A Recurrent Neural Network learns Indeed.com Job Postings
A few months ago Andrej Karpathy wrote an excellent introductory article on recurrent neural networks, The Unreasonable Effectiveness of Recurrent Neural Networks. With this article, he released some code (and larger version) that allows someone to train character-level language models. While RNNs have been around for a long time (Jeff Elman from UCSD Cognitive Science did pioneering work in this field), the current trend is implementing with deep learning techniques organizationally different networks that attain higher performance (Long Short-term memory networks). Andrej demonstrated the model’s ability to learn the writing styles of Paul Graham and Shakespeare. He also demonstrated that this model could learn the structure of documents, allowing the model to learn and then produce Wikipedia articles, LaTeX documents, and Linux Source code.
Others used this tutorial to produce some pretty cool projects, modeling audio and music sequences (Eminem lyrics, Obama Speeches, Irish Folk Music, and music in ABC notation) as well as learning and producing text that resembles biblical texts (RNN Bible and Learning Holiness).
Tom Brewe’s project to learn and generate cooking recipes, along with Karpathy’s demonstration that the network can learn basic document syntax, inspired me to do the same with job postings. Once we’ve learned a model, we can see what dream jobs come out of its internal workings.
To do this, I performed the following:
- Obtain training data from indeed.com:
- Create a function that takes city, state, and job title and provides indeed.com results
- Gather the job posting results, scrape the html from each, clean up html
- Save each simplified html file to disk
- Gather all the simplified html files and compile one text file
- Use recurrent neural network to learn the structure of the job postings
- Use the learned network to generate imaginary job postings
Obtaining Training Data
In order to obtain my training data, I scraped job postings from several major U.S. cities from the popular indeed.com (San Francisco Bay Area, Seattle, New York, and Chicago). The code used to scrape the website came from this great tutorial by Jesse Steinweg-Woods. My modified code, available here, explicitly checked if a website was located on indeed.com (and not another website as the job posting structure was different) and stripped the website down to a bare bones structure. Having this more specific structure I thought would help reduce the training time for the recurrent neural network. Putting these 1001 jobs into one text document gives us a 4.2MB text file, or about 4 million characters.
Training the Recurrent Neural Network
Training the RNN was pretty straight forward.
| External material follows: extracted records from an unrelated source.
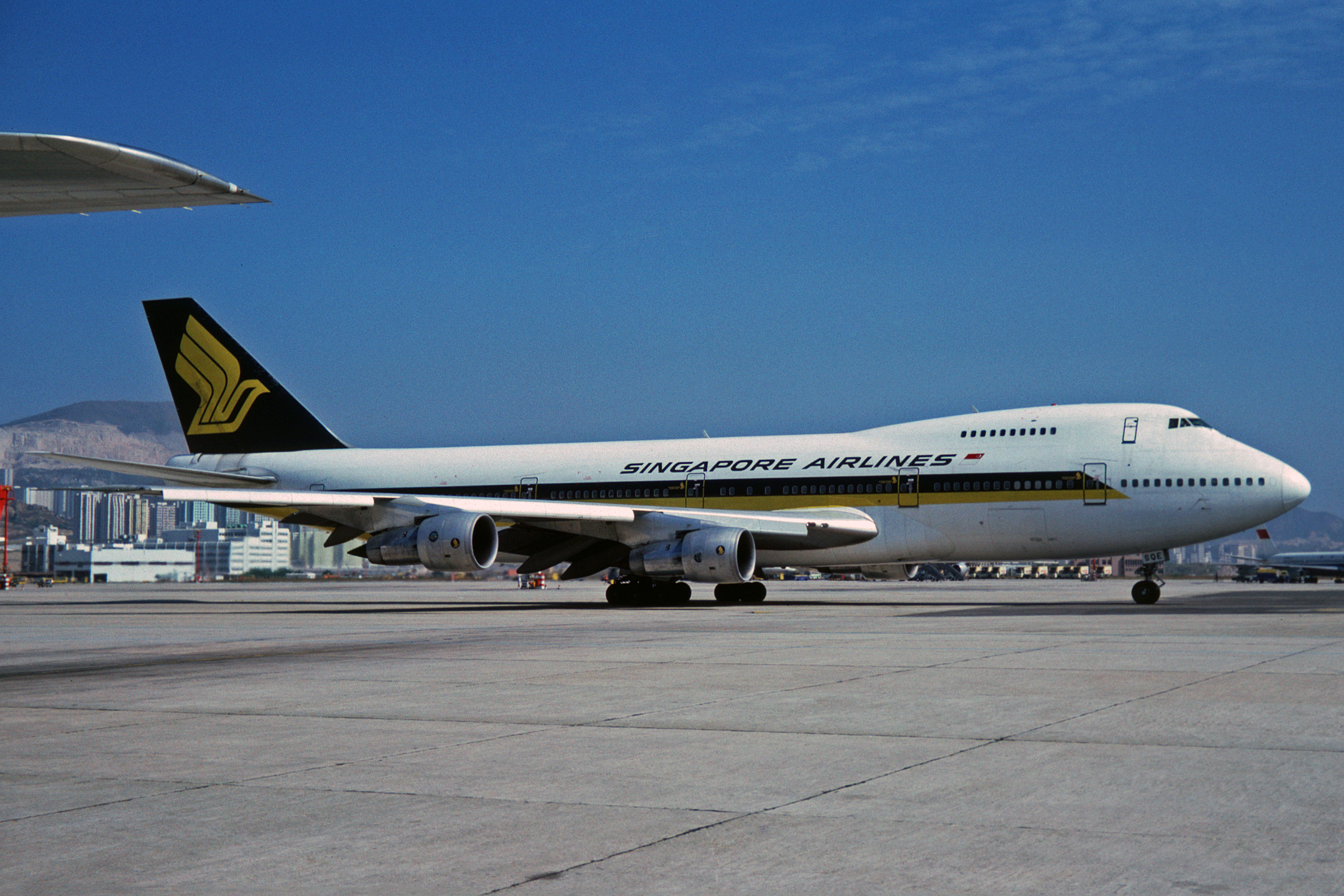 Taken at the old Kai Tak airport when I was working there with B.Cal on relief. This aircraft became Jumbo Hostel near Stockholm Arlanda Airport in late 2008.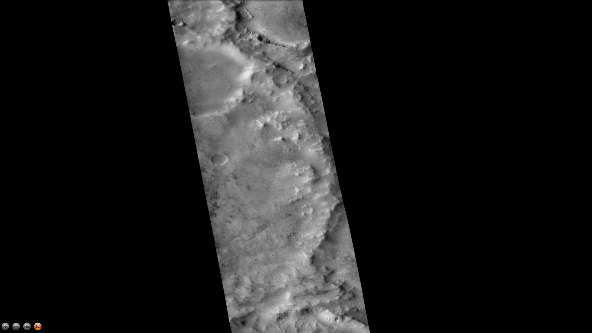 East side of Very Crater, as seen by CTX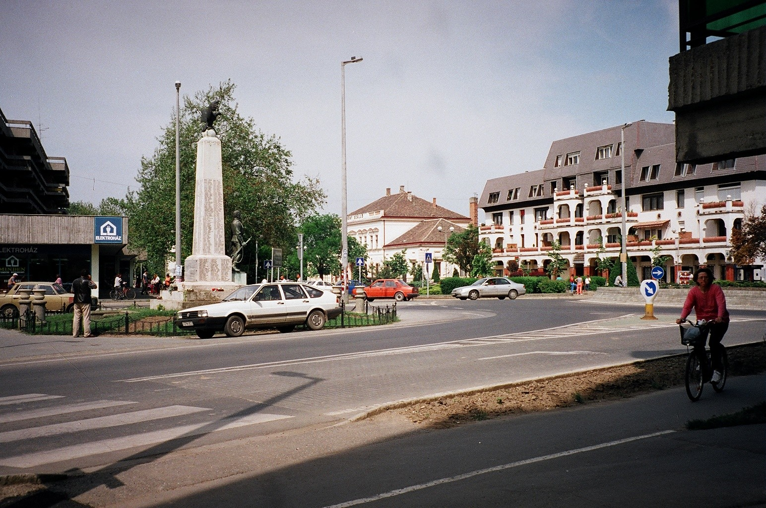 The town square of Mezőberény, Hungary

I used Karpathy’s code and the text document generated from all the job postings. I set up the network in the same manner as the network Karpathy outlined for the writings of Shakespeare:
th train.lua -data_dir data/indeed/ -rnn_size 512 -num_layers 3 -dropout 0.5
I trained this network over night on my machine that has a Titan Z GPU (here is more info on acquiring a GPU for academic use).
Imaginary Job Postings
The training procedure produces a set of files that represent checkpoints in training. Let’s take a look at the loss over training:
import os loss_files = sort(os.listdir('cv/')) lfs =  for lf in loss_files: lf = map(float,lf[13:-3].split('_')) lfs.append(lf) lfs = array(sorted(lfs, key = lambda x: x)) plot(lfs[:,0],lfs[:,1]) title('Training Lossn') ylabel('Loss') xlabel('Epoch')
It looks like the model achieved pretty good results around epoch 19. After this, the performance got worse but then came back down again. Let’s use the checkpoint that had the lowest validation loss (epoch 19) and the last checkpoint (epoch 50) to produce samples from the model. These samples will demonstrate some of the relationships that the model has learned. While none of these jobs actually exist, the model produces valid html code that represents imaginary dream job postings.
Below is one of the jobs that was produced when sampling from the saved model at epoch 19. It’s for a job at Manager Persons Inc. and it’s located in San Francisco, CA. It looks like there is a need for the applicant to be “pizza friendly” and the job requires purchasing and data entry. Not too shabby. Here it is as a web page.
At epoch 50, the model has learned a few more things and the job postings are typically much longer. Here is a job for Facetionteal Agency (as a website). As you can see, more training can be done to improve the language model (“Traininging calls”) but it does a pretty good job of looking like a job posting. Some items are fun to note, like that the job requires an education of Mountain View, CA.
Below is another longer one (and as a website). Turns out the model wants to provide jobs that pay $1.50 an hour. The person needs to be a team player.
This was a pretty fun experiment! We could keep going with this as well. There are several knobs to turn to get different performance and to see what kind of results this model could produce. I encourage you to grab an interesting dataset and see what kind of fun things you can do with recurrent neural networks!